## Line Chart: Performance vs. Training Tokens for SWE-Bench Benchmarks
### Overview
This is a line chart comparing the performance of two benchmarks, "SWE-Bench Verified" and "SWE-Bench Multilingual," as a function of the number of training tokens (in billions). The chart shows a general upward trend for both benchmarks, with the "Verified" set consistently achieving higher performance scores than the "Multilingual" set across all measured training scales.
### Components/Axes
* **Chart Type:** Line chart with markers.
* **X-Axis:**
* **Label:** "Training Tokens (Billion)"
* **Scale:** Linear, ranging from approximately 5 to 70 billion.
* **Major Tick Marks:** 10, 20, 30, 40, 50, 60, 70.
* **Y-Axis:**
* **Label:** "Performance (%)"
* **Scale:** Linear, ranging from 30% to 60%.
* **Major Tick Marks:** 30, 35, 40, 45, 50, 55, 60.
* **Legend:**
* **Position:** Bottom-right corner of the plot area.
* **Entry 1:** Blue line with circular markers, labeled "SWE-Bench Verified".
* **Entry 2:** Orange line with circular markers, labeled "SWE-Bench Multilingual".
### Detailed Analysis
**Data Series 1: SWE-Bench Verified (Blue Line)**
* **Trend:** The line shows a steady, generally upward trend with minor fluctuations. It starts just above 50% and ends above 60%.
* **Approximate Data Points (Training Tokens (B), Performance (%)):**
* (7, 50.5)
* (13, 52.5)
* (20, 52.7)
* (27, 52.3)
* (33, 54.7)
* (40, 53.9)
* (47, 56.0)
* (53, 58.2)
* (60, 58.2)
* (67, 61.2)
**Data Series 2: SWE-Bench Multilingual (Orange Line)**
* **Trend:** The line shows an overall upward trend but with more pronounced volatility compared to the blue line. It starts near 31% and ends near 46%.
* **Approximate Data Points (Training Tokens (B), Performance (%)):**
* (7, 31.0)
* (13, 38.5)
* (20, 39.5)
* (27, 41.0)
* (33, 41.0)
* (40, 40.0)
* (47, 43.8)
* (53, 40.7)
* (60, 40.0)
* (67, 46.3)
### Key Observations
1. **Performance Gap:** The "SWE-Bench Verified" benchmark consistently outperforms the "SWE-Bench Multilingual" benchmark by a significant margin (approximately 15-20 percentage points) at every measured training token scale.
2. **Scaling Law:** Both benchmarks demonstrate a positive correlation between the number of training tokens and performance, suggesting that model capability on these tasks improves with scale.
3. **Volatility Difference:** The "Multilingual" series exhibits more performance volatility (e.g., dips at 40B and 60B tokens) compared to the relatively smoother progression of the "Verified" series.
4. **Final Surge:** Both series show their steepest performance increase in the final segment, from 60B to 67B tokens.
### Interpretation
The chart illustrates a fundamental scaling relationship in machine learning: increasing the volume of training data (tokens) generally leads to better performance on downstream benchmarks. The consistent performance gap between "SWE-Bench Verified" and "SWE-Bench Multilingual" suggests that the multilingual variant of the task is inherently more challenging for the model, possibly due to the need to generalize across multiple programming languages or handle more diverse codebases.

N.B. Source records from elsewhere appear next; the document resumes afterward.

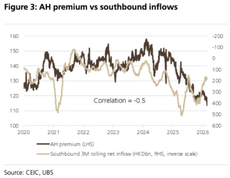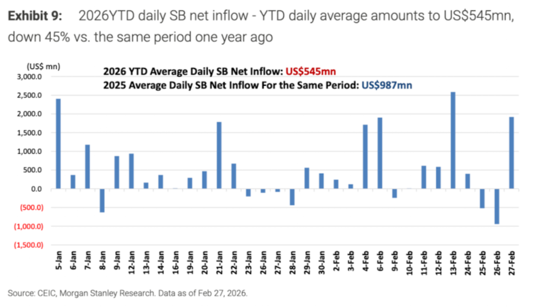 4)南下资金流入明显放缓。2026年迄今,通过南向通道流入港股的日均净额为5.45亿美元,同比下滑45%;
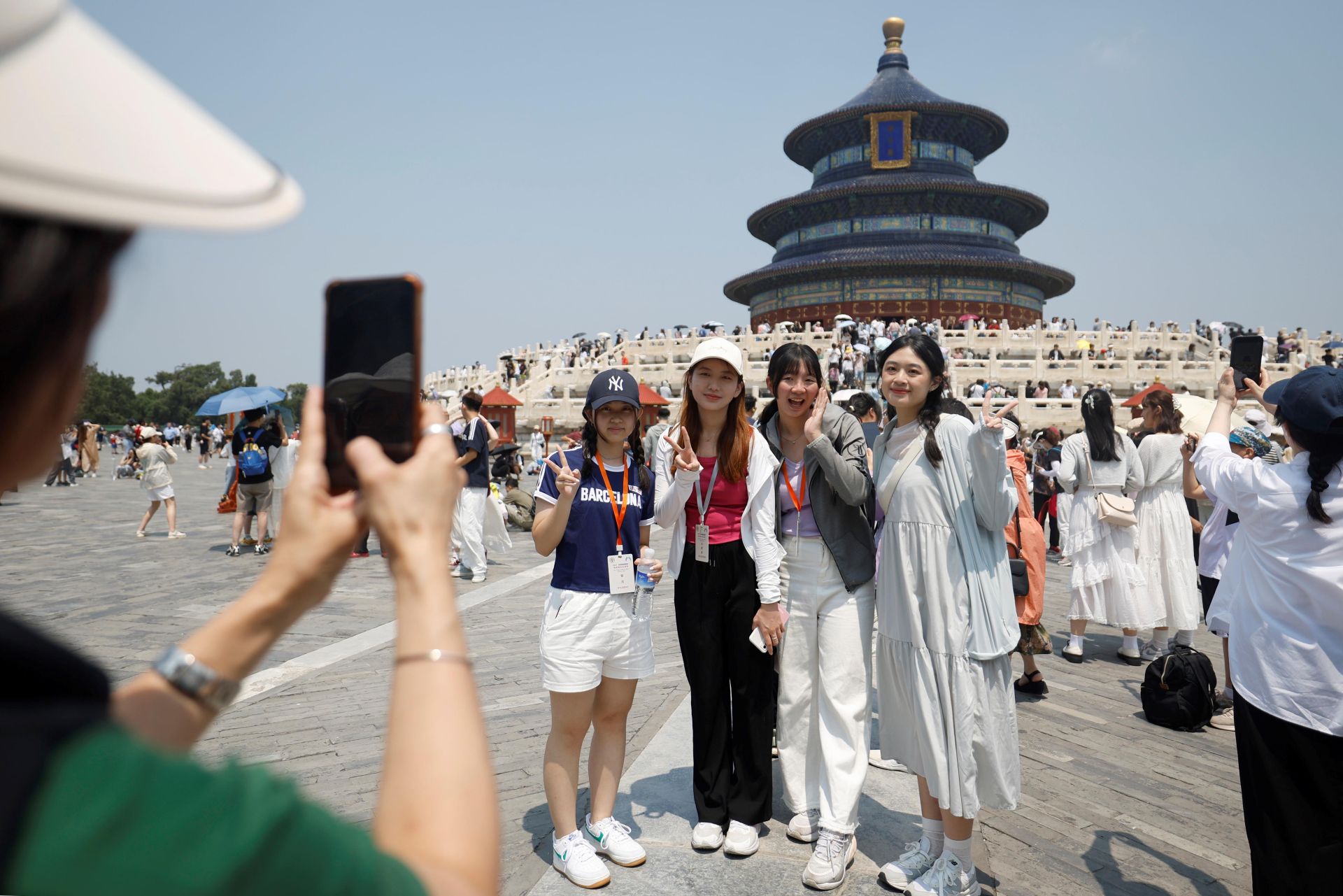 △2024年7月3日,台湾青年在天坛公园拍照留念。当日,2024“未来能源领袖”两岸青年交流营的营员参观游览北京的奥林匹克公园、天坛公园等地。
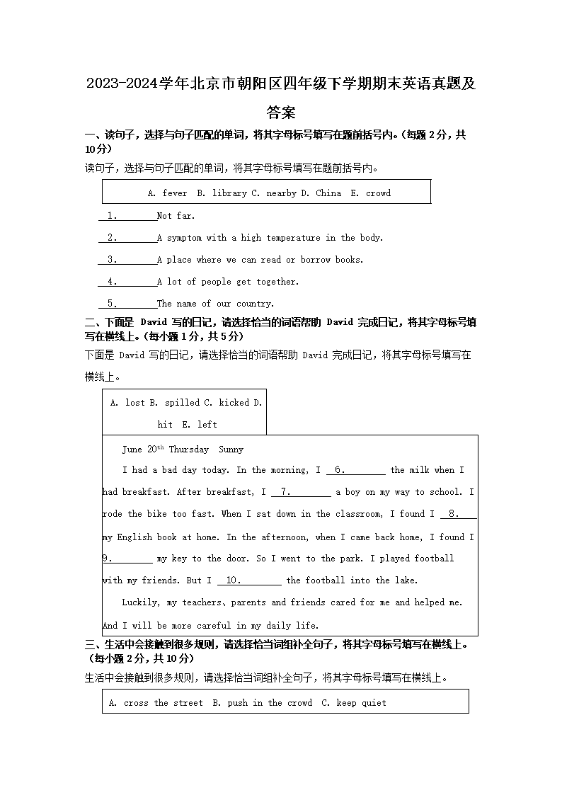 2023-2024开云kaiyun(中国)年北京市朝阳区四年级下开云kaiyun(中国)期期末英语真题及答案(Word版)
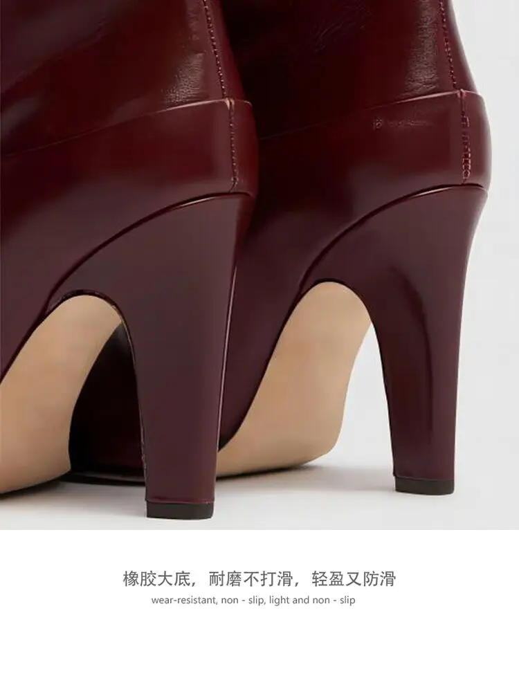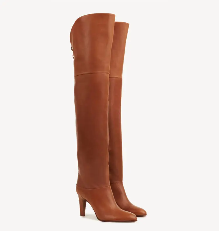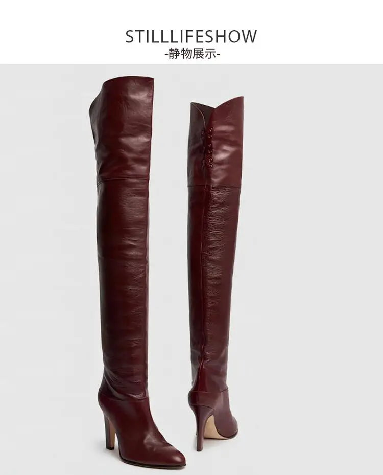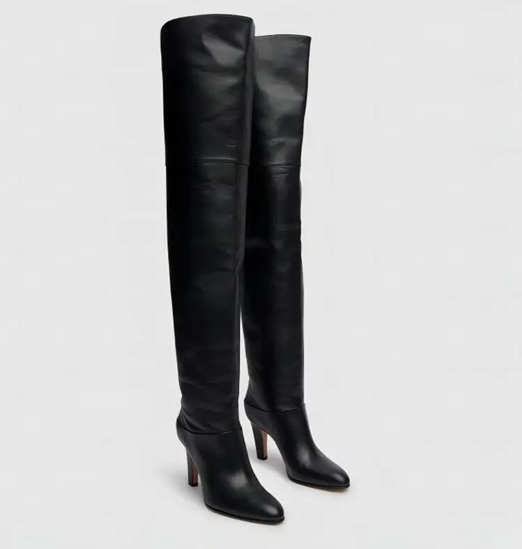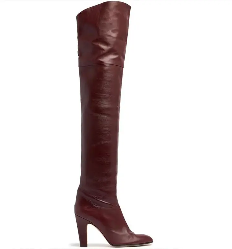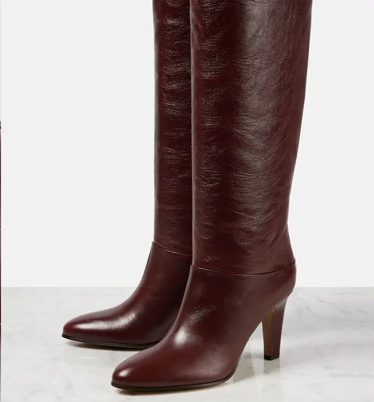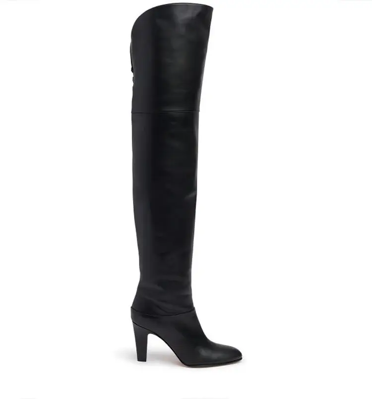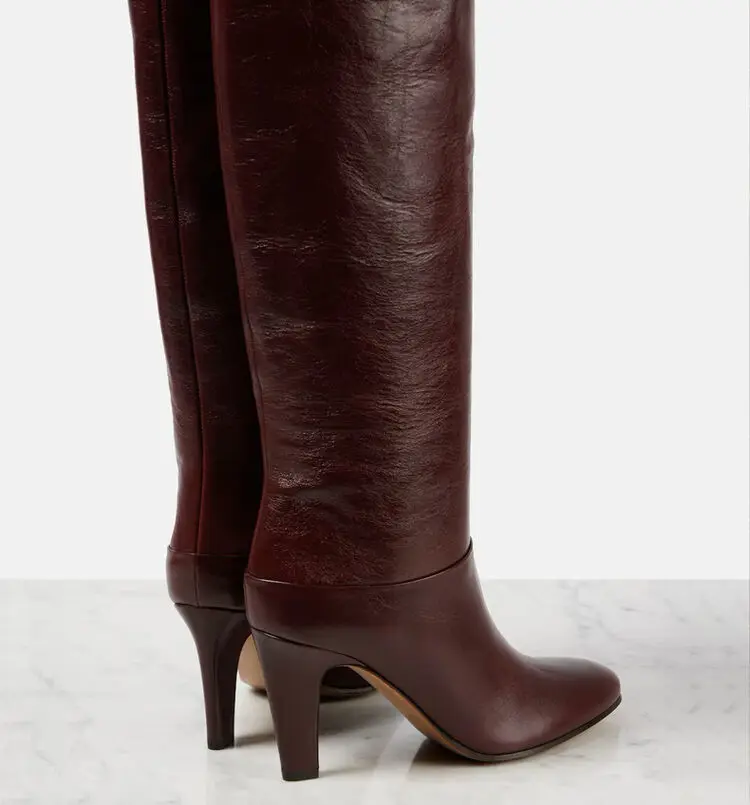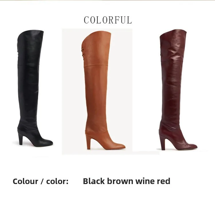 Botas de tacón alto grueso de piel de vaca para mujer, botas por encima de la rodilla a la moda, moda europea y americana, para caminar y banquetes, 2024

The higher volatility in the multilingual series could indicate that performance on this more complex task is more sensitive to the specific composition of the training data at different scales, or that the model's development path for multilingual understanding is less monotonic. The final sharp uptick for both lines might signify a phase change in model capability or the effect of a specific training strategy employed at the largest scale.
**Language Note:** All text in the image is in English.